En este sentido, el cineasta hace un trabajo brillante en el montaje, el cual es clave para que la película no se sienta opresiva ni deprimente. Hay momentos de ligereza, incluso humor, como si la misma muerte quisiera ser presentada como un acto de liberación y no de condena. Esto no solo hace que la película sea accesible, sino que refleja la visión de Jacqueline: la muerte no es algo que deba ser temido ni ocultado, sino algo que puede ser tratado con la misma serenidad y reflexión que cualquier otro aspecto de la vida.
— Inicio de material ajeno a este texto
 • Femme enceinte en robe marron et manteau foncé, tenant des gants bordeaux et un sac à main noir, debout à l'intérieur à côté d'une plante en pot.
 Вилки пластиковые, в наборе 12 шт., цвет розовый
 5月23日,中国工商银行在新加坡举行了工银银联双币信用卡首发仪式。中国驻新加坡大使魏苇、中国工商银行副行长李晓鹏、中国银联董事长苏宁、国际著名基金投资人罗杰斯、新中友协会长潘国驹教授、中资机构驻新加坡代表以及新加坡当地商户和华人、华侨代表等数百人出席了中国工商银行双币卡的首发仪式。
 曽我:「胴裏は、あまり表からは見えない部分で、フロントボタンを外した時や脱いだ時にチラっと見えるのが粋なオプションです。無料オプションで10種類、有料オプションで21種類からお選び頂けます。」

Este enfoque da lugar a una reflexión más profunda sobre por qué los seres humanos somos tan reticentes a hablar sobre la muerte, especialmente sobre el suicidio asistido. Vivimos en una sociedad que celebra la vida con tanta fuerza que hemos olvidado que la muerte es también parte de ella. La constante búsqueda de la juventud y la evasión de la vejez como un fallo o un error, son actitudes profundamente arraigadas en nuestra cultura. Nos hemos acostumbrado a mantener a la muerte a distancia, a no hablar de ella, a no reconocer que es tan inevitable como vivir. Hablar de la muerte, especialmente cuando la persona decide cuándo y cómo partir, nos coloca frente a nuestras propias inseguridades y miedos, a la incertidumbre de lo que nos espera. Pero, como Jencquel demuestra con su cámara, el proceso de enfrentarse a la muerte es una conversación profundamente humana, cargada de contradicciones pero también de una extraordinaria belleza.
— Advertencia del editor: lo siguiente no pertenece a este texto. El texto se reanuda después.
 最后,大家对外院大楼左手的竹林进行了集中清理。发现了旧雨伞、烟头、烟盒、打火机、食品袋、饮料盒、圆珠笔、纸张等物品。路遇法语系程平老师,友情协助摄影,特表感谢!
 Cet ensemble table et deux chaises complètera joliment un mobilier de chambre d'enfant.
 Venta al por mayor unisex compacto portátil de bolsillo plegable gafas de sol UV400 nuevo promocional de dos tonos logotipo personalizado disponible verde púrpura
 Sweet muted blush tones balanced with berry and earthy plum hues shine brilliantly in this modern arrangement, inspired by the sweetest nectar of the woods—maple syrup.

Uno de los momentos más conmovedores del documental ocurre cuando Jacqueline cita a Charles Baudelaire: «¡Ah, Señor! ¡dame la fuerza y el coraje para contemplar mi corazón y mi cuerpo sin asco!». Esta cita, que resuena con la filosofía del poeta maldito, no solo refiere a la fragilidad humana, sino a la aceptación total de uno mismo, con todas las imperfecciones y limitaciones inherentes al paso del tiempo. Es, quizás, el momento clave en que la película transita de una mirada introspectiva sobre la muerte a una reflexión sobre lo que realmente significa vivir. La fuerza y el coraje que Baudelaire pide son los mismos que Jacqueline parece haber encontrado al tomar su decisión, y que el director transmite con una cámara que no juzga, sino que acompaña en un proceso de aceptación. Este verso resalta la tensión entre el asco por el desgaste físico y la necesidad de abrazar nuestra humanidad tal como es, sin edulcorantes ni negaciones. Es un acto de valentía que se refleja en cada escena, en cada palabra, en cada mirada entre madre e hijo.
En resumen, Jackie the Wolf no es una película sobre la muerte, sino sobre la vida y las decisiones que tomamos para vivirla de manera plena, incluso cuando esa plenitud incluye el derecho de decidir cuándo terminar con ella. Tuki Jencquel no solo nos invita a contemplar la muerte, sino a cuestionarnos sobre el significado de vivir con dignidad hasta el último aliento. Y, en ese proceso, logra que la muerte deje de ser el enemigo al que tememos, para convertirse en una decisión humana y valiente que, a su manera, también celebra la vida.